1 compression ratio test file storage
1.1 Test Data
HTTPS: // github.com / liufengji / Compression_Format_Data log .txt size 18. A . 1 M
1.2 TextFile
-
Creating tables, storing data in the format TextFile
create table log_text ( track_time string, url string, session_id string, referer string, ip string, end_user_id string, city_id string ) row format delimited fields terminated by '\t' stored as textfile ;
-
Loading data into the table
load data local inpath '/home/hadoop/log.txt' into table log_text ;
-
View the table amounts of data
dfs -du -h /user/hive/warehouse/log_text; +------------------------------------------------+--+ | DFS Output | +------------------------------------------------+--+ | 18.1 M /user/hive/warehouse/log_text/log.txt | +------------------------------------------------+--+
1.3 Parquet
-
Creating tables, storing data in the format of parquet
create table log_parquet ( track_time string, url string, session_id string, referer string, ip string, end_user_id string, city_id string ) row format delimited fields terminated by '\t' stored as parquet;
-
Loading data into the table
insert into table log_parquet select * from log_text;
-
View the table amounts of data
dfs -du -h /user/hive/warehouse/log_parquet; +----------------------------------------------------+--+ | DFS Output | +----------------------------------------------------+--+ | 13.1 M /user/hive/warehouse/log_parquet/000000_0 | +----------------------------------------------------+--+
1.4 ORC
-
Creating tables, storing data in the format of ORC
create table log_orc ( track_time string, url string, session_id string, referer string, ip string, end_user_id string, city_id string ) row format delimited fields terminated by '\t' stored as orc ;
-
Loading data into the table
insert into table log_orc select * from log_text ;
-
View the table amounts of data
dfs -du -h /user/hive/warehouse/log_orc; +-----------------------------------------------+--+ | DFS Output | +-----------------------------------------------+--+ | 2.8 M /user/hive/warehouse/log_orc/000000_0 | +-----------------------------------------------+--+
1.5 storage file compression ratio summary
ORC > Parquet > textFile
2, the file is stored query speed test
2.1 TextFile
select count(*) from log_text; +---------+--+ | _c0 | +---------+--+ | 100000 | +---------+--+ 1 row selected (16.99 seconds)
2.2 Parquet
select count(*) from log_parquet; +---------+--+ | _c0 | +---------+--+ | 100000 | +---------+--+ 1 row selected (17.994 seconds)
2.3 ORC
select count(*) from log_orc; +---------+--+ | _c0 | +---------+--+ | 100000 | +---------+--+ 1 row selected (15.943 seconds)

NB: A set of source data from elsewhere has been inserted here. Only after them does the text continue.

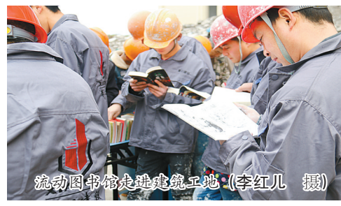
流动图书馆走进建筑工地
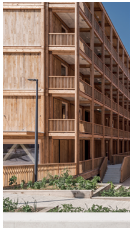
1 er prix romand, Centre d'hébergement colle

Parmi les quatre-vingt-cinq projets soumis en Suisse romande, les deux lauréats genevois illustrent bien la diversité de mise en œuvre du bois. Premier prix, le Centre de Rigot de l'Hospice général, adapté à l'accueil de 370 migrants, fait l'éloge du tout bois local qui a été utilisé depuis les fondations jusqu'à la toiture. Conçu par l'Atelier d'architecture genevois ACAU selon une stratégie «zéro béton», le complexe sis à l'avenue de France est une construction provisoire, autorisée à occuper le site pour dix ans. Composée de deux barres de cinq niveaux délimitant une cour intérieure, elle est constituée d'éléments modulaires préfabriqués, démontables et réutilisables. Les 7000m 2 de surface se répartissent en 230 modules nécessaires à la création de logements flexibles, du studio au 4 pièces, selon les besoins. Les cursives extérieures déployées en vis-à-vis génèrent une ouverture perméable à l'échange. Les façades extérieures sont bardées de chêne genevois laissé brut de sciage. «L'exploitation optimale de la construction bois indus-
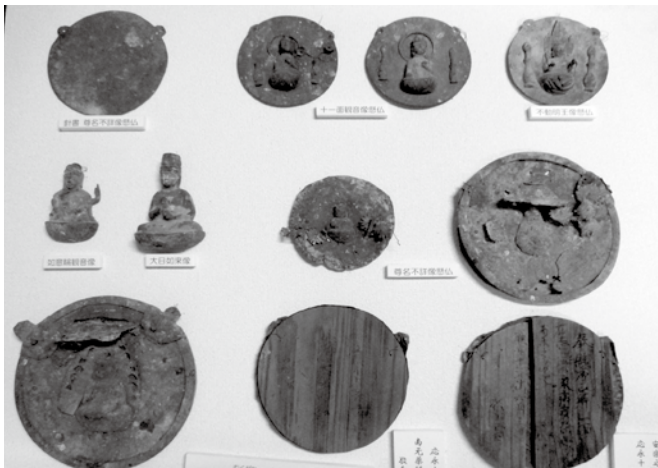
【写真】椋川山神社の懸仏群

今回追加指定となつた山神社の懸仏群は、大半が薄銅板打ち出し像を打ち出し装飾を施した薄銅板に針金で固定するタイプのものです。製作年代は、懸仏の量産化が進む室町時代頃と見られます。（下写真参照）
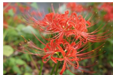
ヒガンバナ(彼岸花)

〒916-0293 越前町江波 50-80-1 宮崎コミュニティセンター内 宮崎地域コミュニティ事務局 TEL 0778-32-7710 FAX 0778-32-3246 E-mail m-community@miyazaki-area-c.net

2.4 the file is stored query speed summary
ORC > TextFile > Parquet
3, in conjunction with storage and compression
-
The advantage of using compression is to minimize the required disk storage space and reduce disk and network operation io
-
Official website address
-
ORC supports three compression: ZLIB, SNAPPY, NONE. The last is not compressed, ORC uses a default ZLIB compression .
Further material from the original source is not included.